Egypt’s ruling military council, the Supreme Council of the Armed Forces (SCAF), has appointed Kamal al-Ganzouri as the new prime minister. According to Issandr El Amrani, “Ganzouri was prime minister between 1996 and 1999 and was known for his autocratic style, his tendency to micromanage government and his repression of the press and civil society.” His appointment “brings back a man from a bygone era.” We should expect nothing less from the SCAF, who have been trying to consolidate their power and the restore the old order ever since Mubarak fell (with gracious U.S. support).
There is a lot of talk about how detrimental the massive voter turnout for conservative-religous parties like the Muslim Brotherhood’s Freedom and Justice Party and the Salafi movement’s Al-Nour Party. I agree, it is a concern and if their rise to power coincides with the sort of theocracy they’ve been advocating, it is both detrimental to civil rights and counter to the spirit of the youth movement which succeeded in ousting Mubarak. Of course, the concern Washington has for the rise of Islamists isn’t about human rights and secular democracy, but rather that it will result in a less subservient Egyptian foreign policy. In fact, that was a concern of Washington’s whether the Islamists or the liberals won.

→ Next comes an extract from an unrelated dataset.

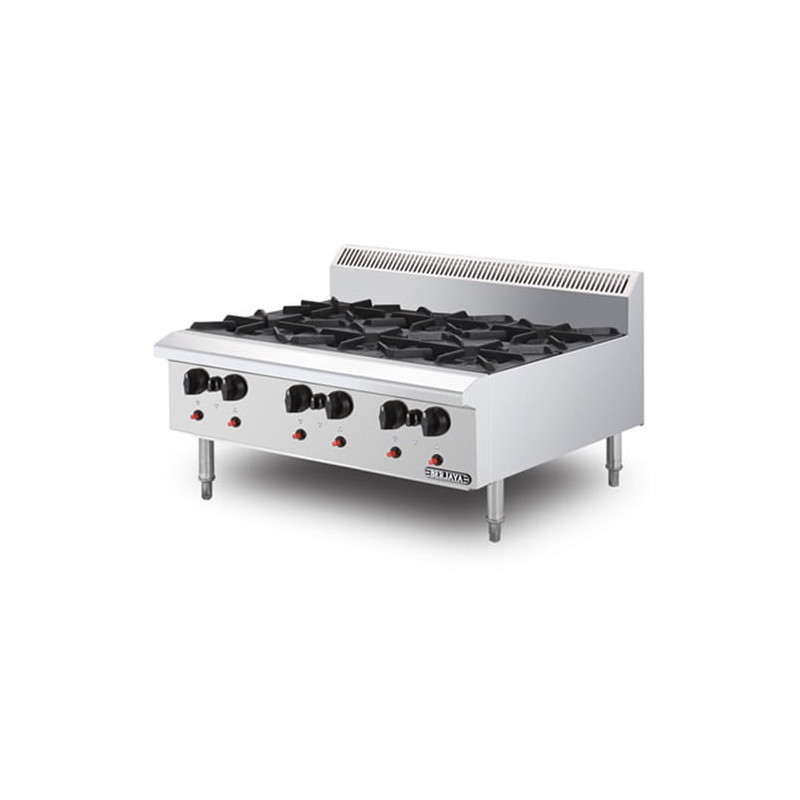 - Burners: Six high-powered open burners for heavy-duty commercial use

But if not for U.S. support for SCAF – which is as wrong and tyrannical as was supporting Mubarak – the youth-liberal movement may have had a chance to establish constitutional principles restricting government from imposing religion and violating individual rights. Back in the summer, according to a CRS report, “the SCAF granted some concessions to secular liberal groups. It reshuffled the cabinet and asked experts to draft a set of constitutional principles to serve as guidelines before a constitution is actually drafted, angering some Islamists who charge that any set of principles devoid of overt references to Islamic law would make the country too secular.” A political fight broke out between secular liberals and Islamists and what instead ended up happening was that last month SCAF had Deputy Prime Minister Ali al Salmi draft a set of constitutional principles “which would, if adopted and adhered to, vastly increase the power of the military at the expense of political parties.” The draft included:
- no parliamentary oversight of the military’s defense budget. Article 9 of the draft states that the military’s budget will appear as a single number in the state’s budget;
- a provision that would require parliamentarians to obtain the military’s approval prior to issuing any laws affecting the military;
- authority for the military to refer the new constitution to the Supreme Constitutional Court if it is thought to violate any of the constitutional declarations issued by the military;
- a provision that would allow the military to appoint 80 of the 100 members of the planned constitutional assembly;
- authority to appoint a new constitutional assembly if the first one could not agree on a constitution within six months;
America’s desperate attempt to maintain status-quo-tyranny in Egypt led to a missed opportunity to establish constitutional principles that would have restricted the power of the state to impose an Islamic theocracy. Bravo, interventionism!
8 thoughts on “Screwing Over Secular Liberal Egyptians, Yet Again”
Even though "Democracy" is a sacred word, it's easy for it to suck. Just takes 50.00001% of voters to be jerks and/or idiots, and the whole thing falls apart.
Most of those million people who came to Tahrir Square were not secular, liberal, media-savvy, Facebook revolutionaries; those just happen to be the group that Western media prefers. It was never labelled a protest for a liberal secular democracy; it was the Egyptian people (most of whom want an Islamic government, as the election results show) coming together to get rid of Mubarak. Why do we keep hearing them whine now that the Islamic parties are winning the elections? Which anyone who knows anything about Egypt knew was going to happen…
second that strongly
Islamic parties' winning is what the US and Israel always want. That's why they set up Hamas. That's why they overthrew the secular (not liberal) Saddam. Islamic governments are easy to demonize and easy to manipulate, since they don't have to answer to the people. These developments are pretty much what the US warfare state wanted. Too bad for women and for advocates of religious freedom (the very people USG always claims to be helping.)
I agree with ummabdula, one has to trust the democratic process. There is no reason to assume that a large percentage of the populace is naive or stupid. But then, here in the US we saw Bush voted back to the office. I guess the bottom line is do you want democracy or not?